── SUPPLIED RECORDS ──

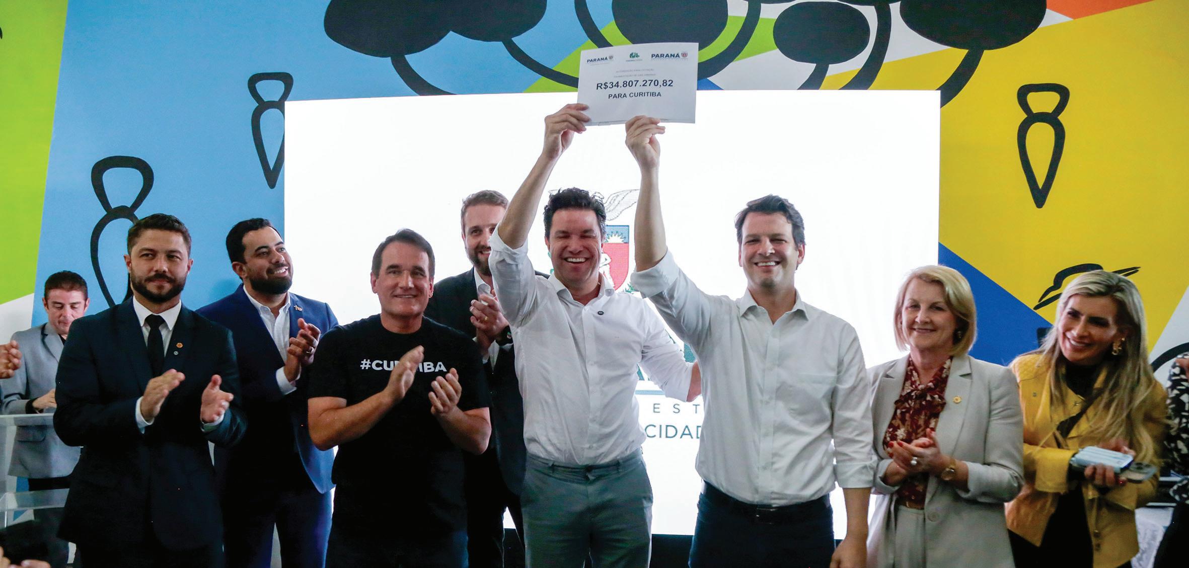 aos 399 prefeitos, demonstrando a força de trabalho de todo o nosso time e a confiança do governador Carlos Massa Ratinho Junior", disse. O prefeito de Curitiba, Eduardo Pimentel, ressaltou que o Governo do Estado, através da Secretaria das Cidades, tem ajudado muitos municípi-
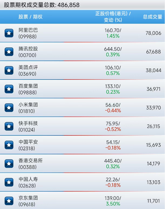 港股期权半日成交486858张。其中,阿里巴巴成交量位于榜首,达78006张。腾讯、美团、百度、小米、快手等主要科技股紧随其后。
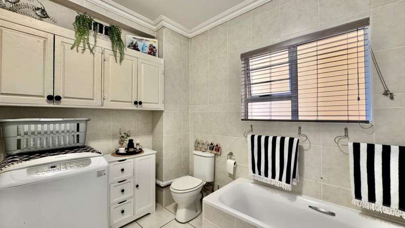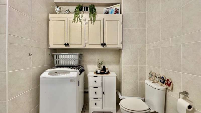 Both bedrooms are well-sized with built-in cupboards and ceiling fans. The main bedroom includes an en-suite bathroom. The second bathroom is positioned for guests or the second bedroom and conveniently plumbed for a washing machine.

───
── SUPPLIED RECORDS ──

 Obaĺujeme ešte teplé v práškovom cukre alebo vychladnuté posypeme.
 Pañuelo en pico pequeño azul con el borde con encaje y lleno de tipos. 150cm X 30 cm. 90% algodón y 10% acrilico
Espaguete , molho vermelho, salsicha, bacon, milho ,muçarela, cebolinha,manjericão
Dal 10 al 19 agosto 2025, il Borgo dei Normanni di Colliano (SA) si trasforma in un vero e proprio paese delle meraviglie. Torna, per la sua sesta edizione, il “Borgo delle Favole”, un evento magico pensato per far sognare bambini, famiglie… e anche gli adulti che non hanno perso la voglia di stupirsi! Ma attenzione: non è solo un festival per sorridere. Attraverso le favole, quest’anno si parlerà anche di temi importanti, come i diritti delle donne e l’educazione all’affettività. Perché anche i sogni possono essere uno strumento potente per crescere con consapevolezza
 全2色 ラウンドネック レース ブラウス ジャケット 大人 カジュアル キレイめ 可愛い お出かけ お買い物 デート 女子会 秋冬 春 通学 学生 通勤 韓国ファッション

───
── SUPPLIED RECORDS ──

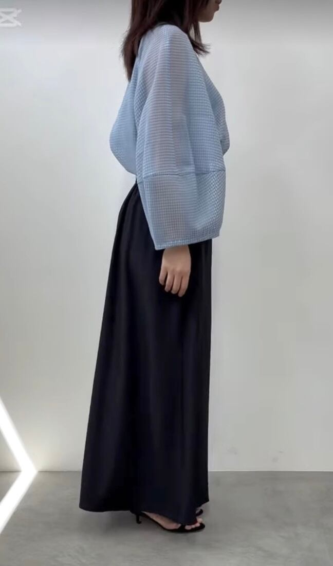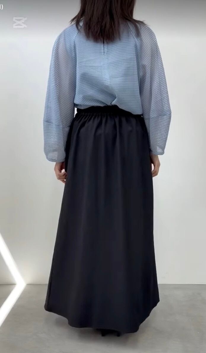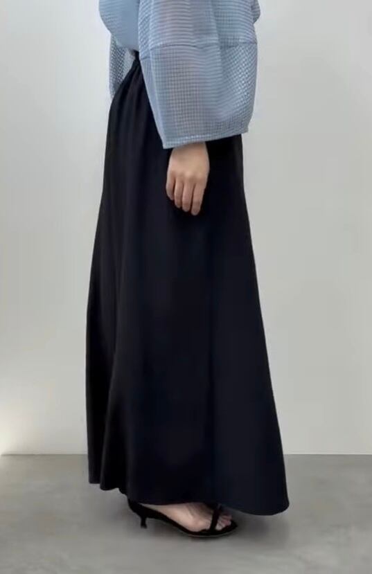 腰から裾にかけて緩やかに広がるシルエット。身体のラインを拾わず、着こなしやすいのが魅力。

───

## EXERCISE AIM
Only the lines of the listing above from the one with "港股期权半日成交486858" through the one with "Both bedrooms are" should be output, exactly, with both ends kept and pictures left out.

## RESPONSE TO THE EXERCISE
 港股期权半日成交486858张。其中,阿里巴巴成交量位于榜首,达78006张。腾讯、美团、百度、小米、快手等主要科技股紧随其后。
 Both bedrooms are well-sized with built-in cupboards and ceiling fans. The main bedroom includes an en-suite bathroom. The second bathroom is positioned for guests or the second bedroom and conveniently plumbed for a washing machine.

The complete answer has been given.